== Work order ==
For the entries that follow, retype exactly the lines from the one containing "Polițiștii brazilieni au" to the one containing "- Ø 7,5 x h 10/12,5/15/18 cm", inclusive, and only those. Images stay out of the copy.

== Available records ==

BEGIN

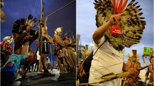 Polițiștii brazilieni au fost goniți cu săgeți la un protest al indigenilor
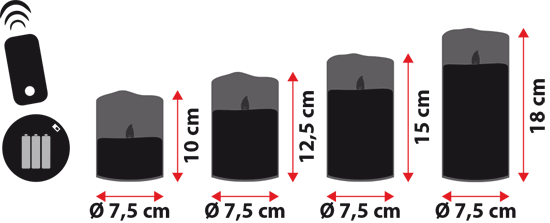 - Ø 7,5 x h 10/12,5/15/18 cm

END
BEGIN

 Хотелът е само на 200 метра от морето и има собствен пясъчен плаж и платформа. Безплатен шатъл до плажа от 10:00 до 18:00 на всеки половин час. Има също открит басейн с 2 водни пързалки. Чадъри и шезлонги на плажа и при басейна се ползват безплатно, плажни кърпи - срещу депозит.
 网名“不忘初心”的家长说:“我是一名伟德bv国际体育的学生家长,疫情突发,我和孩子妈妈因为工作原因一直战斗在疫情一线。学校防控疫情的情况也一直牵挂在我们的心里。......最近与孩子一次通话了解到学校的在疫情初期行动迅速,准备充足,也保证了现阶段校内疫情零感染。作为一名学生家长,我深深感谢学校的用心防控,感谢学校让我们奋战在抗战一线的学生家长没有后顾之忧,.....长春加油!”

END

== Output of the exercise ==
 Polițiștii brazilieni au fost goniți cu săgeți la un protest al indigenilor
 - Ø 7,5 x h 10/12,5/15/18 cm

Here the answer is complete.